Copropriété sans syndic aujourd'hui : la marche à suivre
Quatre réflexes pour un conseil syndical confronté à une vacance de syndic :
Convoquer une assemblée générale le plus vite possible, même en urgence, pour élire un nouveau syndic — professionnel ou bénévole. C'est la seule façon de reprendre la main avant qu'un tiers ne saisisse le tribunal.
Si la vacance dure et qu'aucune AG ne peut se tenir dans un délai raisonnable, saisir le président du tribunal judiciaire par requête sur le fondement de l'article 47 du décret de 1967, en s'appuyant sur un dossier documenté (date de la démission ou du décès, absence de candidat, urgence de gestion).
Garder une trace écrite de toutes les démarches de convocation : c'est ce qui permettra, le cas échéant, de démontrer au juge que la situation a évolué depuis la requête.
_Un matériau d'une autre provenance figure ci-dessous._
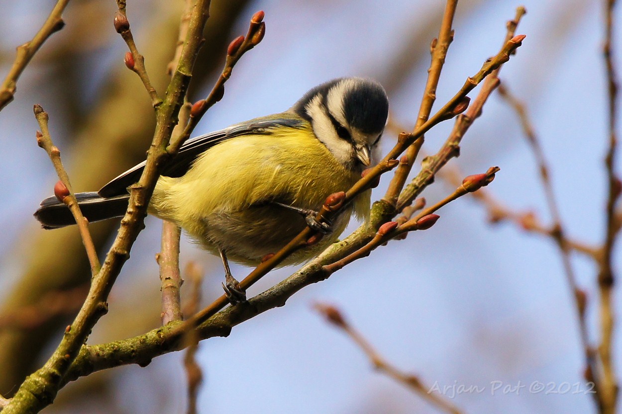 Er is, door het zachte weer, genoeg te eten voor de pimpelmees. Ze eten alle knopjes op.

Comparer plusieurs cabinets de syndic avant de revoter, plutôt que d'élire dans l'urgence le premier syndic disponible — un appel d'offres syndic peut être lancé même dans un contexte de vacance, pour éviter de reproduire les causes du blocage initial.
FAQ
Combien de temps une copropriété peut-elle rester sans syndic ?
Aucun délai légal fixe ne l'interdit, mais l'absence de syndic bloque la gestion courante (comptes, contrats, urgences) et expose les copropriétaires à un risque croissant. Plus la vacance dure, plus la désignation d'un administrateur provisoire devient probable si personne n'agit.
Qui peut demander la désignation d'un administrateur provisoire ?
Tout copropriétaire, mais aussi le syndic sortant, un créancier de la copropriété ou le procureur de la République, sur le fondement de l'article 47 du décret du 17 mars 1967.
Une assemblée générale élue après le dépôt de la requête peut-elle vraiment faire tomber la procédure ?
Oui, c'est exactement ce que confirme l'arrêt du 9 juillet 2026 : le juge apprécie l'absence de syndic au jour où il statue, pas à la date de la requête. Un syndic élu avant l'ordonnance retire son fondement à la demande.
Un administrateur provisoire a-t-il plus de pouvoirs qu'un syndic classique ?
Non. Il reste soumis aux mêmes règles de la loi du 10 juillet 1965, y compris pour les actes nécessitant un mandat exprès de l'assemblée générale.
Que risque une copropriété qui reste durablement sans syndic ?
Blocage des paiements et contrats courants, absence de suivi des sinistres et des travaux urgents, et à terme un risque de mise en cause de la responsabilité collective des copropriétaires pour défaut de gestion.